A $20,000 donation will be used by Iowa BIG North to develop an educational trailer to demonstrate agricultural water quality best practices. Representing groups involved are, from left, Dan Cox, Charles City schools superintendent; Chuck Staudt, chairman of the Charles City Community Excellence in Education Foundation; Shelly Kruse, general manager of AgVantage FS; Jay Matthews, Floyd County Farm Bureau president; and Randy Heitz, Iowa Farm Bureau regional manager.  Press photo by Bob Steenson
A $20,000 donation will be used by Iowa BIG North to develop an educational trailer to demonstrate agricultural water quality best practices.
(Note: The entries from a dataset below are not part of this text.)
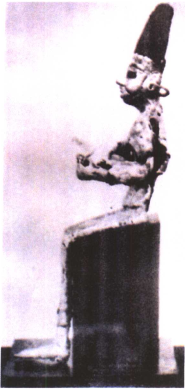
迦南人的巴力神神像 (公元前 13 世纪)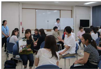
保育士向け絵本の読み聞かせ研修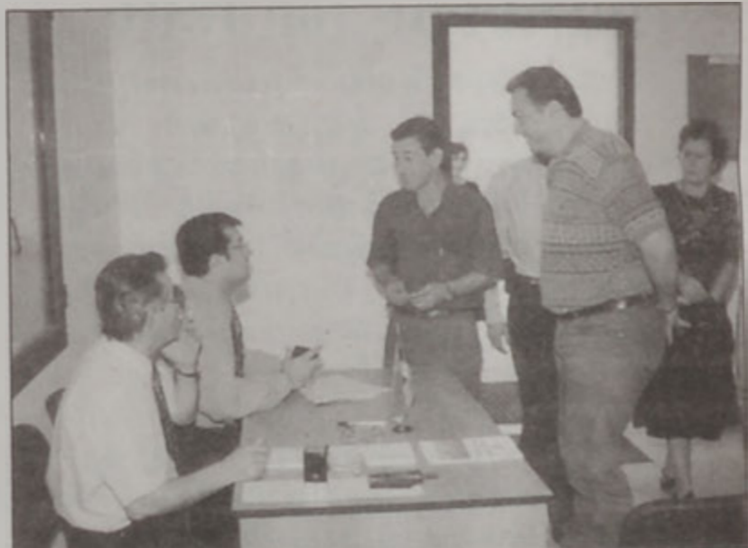
30 Մայիս 1999. Լիբանանի հայաստանցիները դեսպանատան մէջ կը մասնակցին խորհրդարանական ընտրութիւններու

Վերջապէս, տեղին է հաստատել, որ Հայաստանի եւ Լիբանանի միջեւ բազմակողմանի յարաբերութիւններու ամրապնդման եւ զարգացման մէջ մեծ է դերը լիբանանահայութեան, որ կարող է եւ պէ՛տք է հանդիսանայ բարեկամ երկու երկիրները իրարու կապող հաստատուն եւ յուսալի կամուրջ: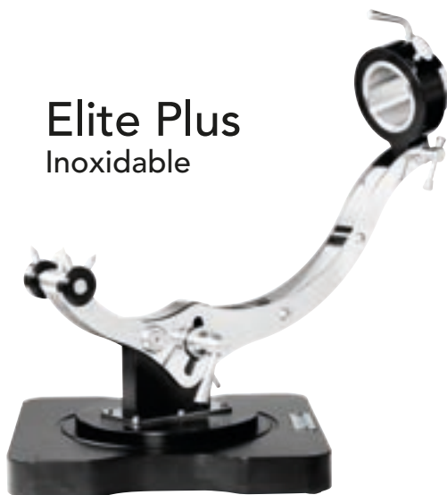
Elite Plus Inoxidable

9256 Color Natural 6293 Color Tabaco 8105 Color Roble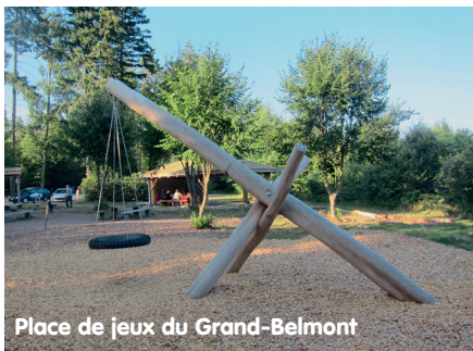
Place de jeux du Grand-Belmont

Comme vous avez certainement pu le constater, le réaménagement de la place du Grand-Belmont est en cours. A ce jour, le couvert est monté ainsi que quelques jeux. Le financement de cette place est assuré pour la plus grande partie par l'Etat de Fribourg, qui en le maître d'œuvre) pour un montant de 65 000 francs. Le projet est soutenu par l'association Penser forêt – Agir Bois pour une somme de 15 000 francs, par la Corporation forestière de la Basse-Broye (15 000 francs) ainsi que par les quatre communes qui formeront Belmont-Broye pour un montant de 20 000 francs. La fin des travaux est prévue pour l'automne 2015.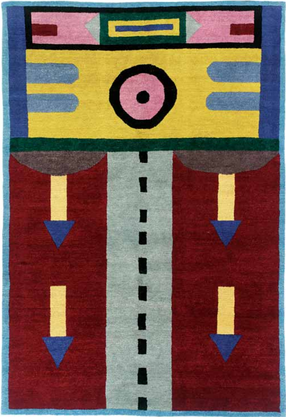
NDP42 160 x 230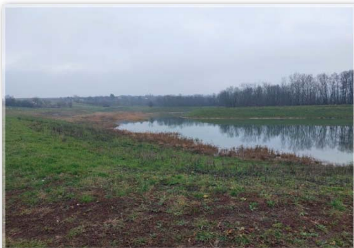
Vodní nádrž Telatniska

částečná protipovodňová funkce a současně vznikl biotop, který přírodě v okolí naší obce jenom pomůže. Nyní se intenzivně řeší převod celého díla do majetku Obce Sudoměřice.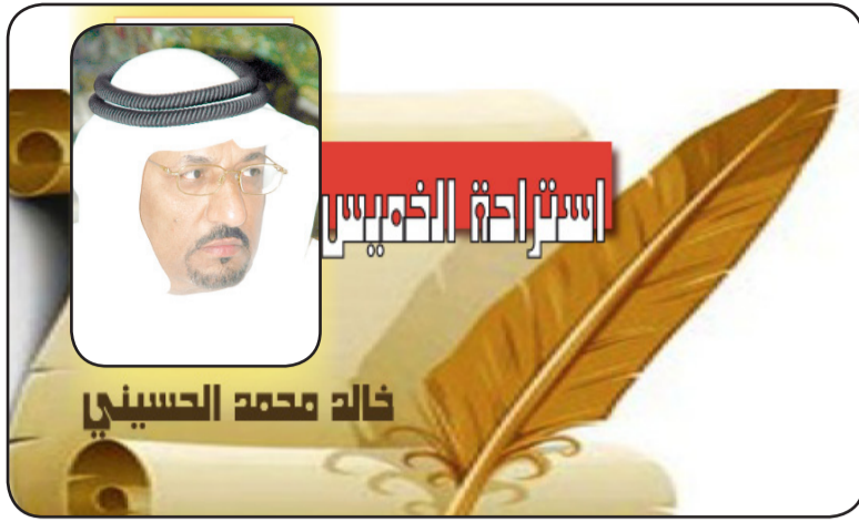
خالد محمد الحسيني

تولى بعد عودته للمملكة عدة مناصب مهمة جعلته المسؤول الاول عن شؤون النفط فقد عين اولاً في وزارة المالية المسؤولة عن شؤون البترول في حينه مديراً عاماً مكتب التفتيش على الشركات البترولية في المنطقة الشرقية في ١٩٤٩م ثم مديراً عاماً لادارة شؤون الزيت والمعادن ١٩٥٤م ثم في ١٩٥٩م اصبح هو والسيد حافظ وهبة اول عضوين سعوديين في مجلس ادارة شركة ارامكو وممثلين للحكومة السعودية.. اصبح ما بين ٢١ ديسمبر ١٩٦٠م وحتى حالته للتقاعد ١٩٦٢م وزيراً للبترول والثروة المعدنية وهول اول وزير بترول في المملكة.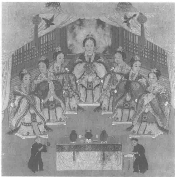
满洲创始女神佛库伦像

村。他小时候没有上过学，少年时就开始在家里劳动。努尔哈赤10岁丧母，继母对他刻薄寡恩，家里并不和睦。努尔哈赤19岁就分家单过。父亲塔克世听了继母挑唆，给他的产业极少，不够维持生活。努尔哈赤常到山里挖人参、捡松子、拾蘑菇、采木耳，然后将这些东西运到抚顺马市（集市）去卖，赚点钱贴补家庭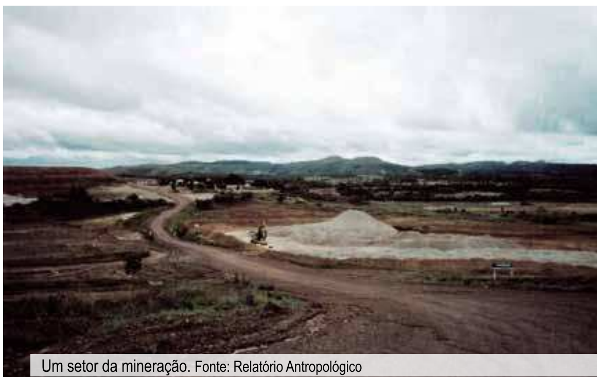
Um setor da mineração.

Hoje, toda a população de Paracatu está exposta às substâncias tóxicas dos rejeitos da mineração. Várias pesquisas e notícias, algumas reunidas no Mapa de Conflitos Envolvendo Injustiça Ambiental e Saúde no Brasil (estudo realizado pela Fiocruz e pela Federação de Órgãos para Assistência Social e Educacional), apontam a mineração como principal causa de grande número de casos de doenças renais, neurológicas, cardiovasculares, e, principalmente, câncer, além de mutações genéticas, na região. O ar e as águas, principalmente na barragem de rejeitos (a maior do mundo), têm níveis enormes de contaminação por metais pesados. As nascentes foram todas comprometidas. Mesmo com ações e denúncias por diversos órgãos, a exploração aumenta a cada ano, avançando sobre as fazendas e os bairros de Paracatu. Muitos ativistas são ameaçados, tendo que fugir da região. Todo o riquíssimo universo cultural da Família dos Amaros e de outros grupos quilombolas da região pode desaparecer, juntamente com seu território.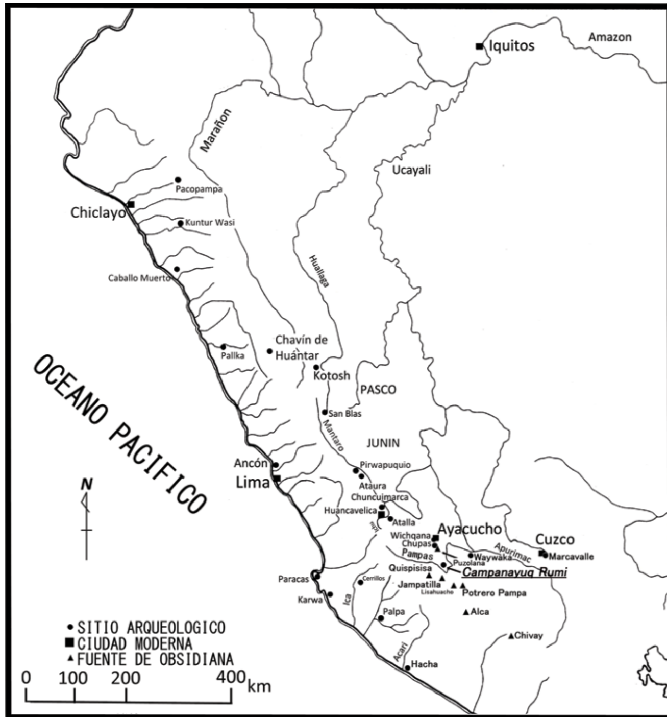
Fig. 1. Mapa con la ubicación de Campanayúq Rumi y otros sitios del Periodo Formativo de Burger y Matos (2002) modificado y redibujado por Yuichi Matsumoto.

de arquitectura doméstica y algunos restos vinculados a actividades cotidianas. Esto planteó la necesidad de tener un mejor entendimiento de las actividades de vida cotidiana desarrolladas en el sitio. Por este motivo, nuestra idea era excavar seis unidades aisladas en los sectores norte y sur; sin embargo, los nuevos hallazgos nos llevaron a ampliar las excavaciones en ambos sectores.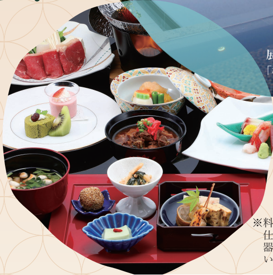
展望露天風呂 「棚雲(たなぐも)の湯」

※料理写真は一例です。 仕入れの都合上、料理内容、 器が変更になる場合がございます。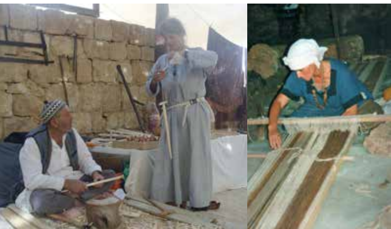
איור 10-11 | הדגמה של מלאכות באירועים המתקיימים באתרים ארכאולוגיים למטרות תיירות

החייאה והמחשה מוצגות בהם מלאכות מסורתיות. בעלי ובעלות מלאכה משחזרים את אופני העבודה המסורתיים עבור התיירים. הפעילות יכולה לכלול גם מלאכות שלא קשורות בייצור חפצים לממכר. גם כאן הדילמה המרכזית קשורה למידת הכדאיות הכלכלית, לעומת ההקפדה על שיטות ייצור מסורתיות. ברחבי העולם קיימים כפרים משוחזרים או פסטיבלים מקומיים, ובהם גם הדגמה של מלאכות מסורתיות ברמה גבוהה. בארץ לא קיים אף אתר המקיים פעילות כזו ברמה שאפשר לקרוא לה שימור אמיתי של תהליכי ייצור מסורתיים. האתרים שבהם נעשה ניסיון כזה סובלים בדרך כלל מעיוות חמור של המציאות ההיסטורית, מרמה גבוהה של מסחור ומרמת דיוק נמוכה. הפוטנציאל הטמון ברעיון זה הוא גדול, כיוון שהדגמת מלאכות בהקשר של אתר היסטורי יכולה להעשיר מאד את החוויה של המבקרים ואת הבנת רוח המקום. זאת, בתנאי שיש הקפדה על אמינות היסטורית. לשם שימור הידע, הפעילות במקום תכלול גם הוראה והכשרה של תלמידים ותלמידות ממשיכי דרך. (איור 10, 11)

Representing groups involved are, from left, Dan Cox, Charles City schools superintendent; Chuck Staudt, chairman of the Charles City Community Excellence in Education Foundation; Shelly Kruse, general manager of AgVantage FS; Jay Matthews, Floyd County Farm Bureau president; and Randy Heitz, Iowa Farm Bureau regional manager.
Press photo by Bob Steenson
By Bob Steenson, bsteenson@charlescitypress.com

A $20,000 donation from four ag-related organizations will let an area student program develop a mobile resource center to teach about water quality.

An Iowa Farm Bureau Share Grant ($7,500), AgVantage ($5,000), the Growmark Foundation ($5,000) and the Floyd County Farm Bureau ($2,500) joined to give the money to the Charles City Community Excellence in Education Foundation to be used for an Iowa BIG North project.

Jay Matthews, Floyd County Farm Bureau president, said, “We had the idea to build a trailer that individuals or organizations could use to pull around and help teach farmers and the community as a whole about what farmers are doing about water quality — things like no-till, cover crops, things like that, and also about our unique karst topography in northeast Iowa.”

Randy Heitz, Farm Bureau regional manager, said Iowa BIG North will develop the concept of what should be in the trailer, as well as the type of trailer that will be needed.

“We want them to develop the ideas from their standpoint,” Heitz said.

“It’s going to be useful at county fairs or field days or at the research farm,” he said. “It’s really a great unity of some unique partners.”

Once the student group develops the project it will be turned back over to Farm Bureau for educational presentations.

Matthews said, “We hope that it can be a continuing project with Iowa BIG as new technology is evolved in farming, that they could create new modules or resources to put in the trailer.”